Every weekday at 9 a.m., Jason Austin waits to see how many volunteers will show up at his Central Saanich farm.
It doesn’t matter how many come really, just that those who do want to be there are ready to get their hands dirty. People used to think he was joking when he told them, “Only come when you want to.” But now, Austin said, they see the wisdom of it.
“Our volunteers are the nicest group of people you could ever hope to meet,” he said. “I want them to have fun when they are here and to realize just how much I value them.”
Austin is the owner of Gatton House Farm, a five-acre slice of fruit and vegetable-laden paradise devoted to donating all 20-plus-tons of its annual produce to Greater Victoria residents in need.
In an average week, he provides hundreds of crates of fresh produce to the Mustard Seed, Our Place, B.C. Housing and various other local organizations. Those agencies then distribute the food through food banks, kitchens, hampers and free food markets.
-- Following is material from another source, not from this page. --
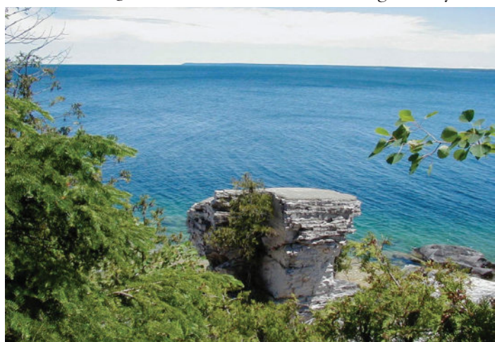
A stone flower pot from a promontory on Flowerpot Island at the northern end of the Bruce Peninsula.

shore of Lake Huron and visit sites including Flower Pot Island, the singing sands of Dorcas Bay, and several fens and limestone pavements. Along the way we hope to see many

When the Mustard Seed arrives around 11 a.m. July 21, workers drop off 150 empty banana boxes and Jason Austin (left) and his volunteers load up 40 boxes full of romaine lettuce in exchange. The empty ones will quickly be filled with beans, swiss chard, zucchinis, bok choy, and the such, to be distributed to other organizations. (Jane Skrypnek/News Staff)
All of this is volunteer powered.
Will Wild is the director of missions and community engagement at Glad Tidings Church on Quadra Street. Members of his church and others around the region make up the majority of Austin’s volunteers.
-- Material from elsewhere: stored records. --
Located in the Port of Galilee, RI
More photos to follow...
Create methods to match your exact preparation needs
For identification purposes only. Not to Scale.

For Wild, it’s a win-win situation – the farm provides a perfect place for congregation members to serve and in return they get to see the glowing smiles on people’s faces when they’re given fresh produce at one of the church’s free markets. And, Austin never lets volunteers return home without something for themselves – a few juicy plums, an enormous zucchini or a lush head of lettuce.
“It’s just such a positive, warm place to be,” Wild says.
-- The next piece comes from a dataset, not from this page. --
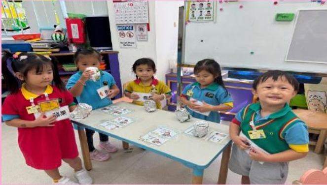
We are undertaking a scent exploration activity. 我們正在進行「氣味探索」的活動。

On a sunny Wednesday morning in July he and about 10 others – some from churches, some not – tend to various tasks around the farm.
“You can’t find this kind of lettuce at the grocery store,” Will Wild says as he harvests head after head, packs them into banana boxes and weighs them. His favourite part of volunteering comes later in the day when he gets to hand deliver the crisp greens to new Victoria residents in transitional housing. “It brings me great joy to be able to say to the people at the market ‘Hey, we just harvested this this morning’.” (Jane Skrypnek/News Staff)
Bending lengths of chicken wire into arches, Philip Smith constructs trellises for beans to run their way up. Drawn to the work and the cause, Smith has been volunteering at the farm three days a week since March.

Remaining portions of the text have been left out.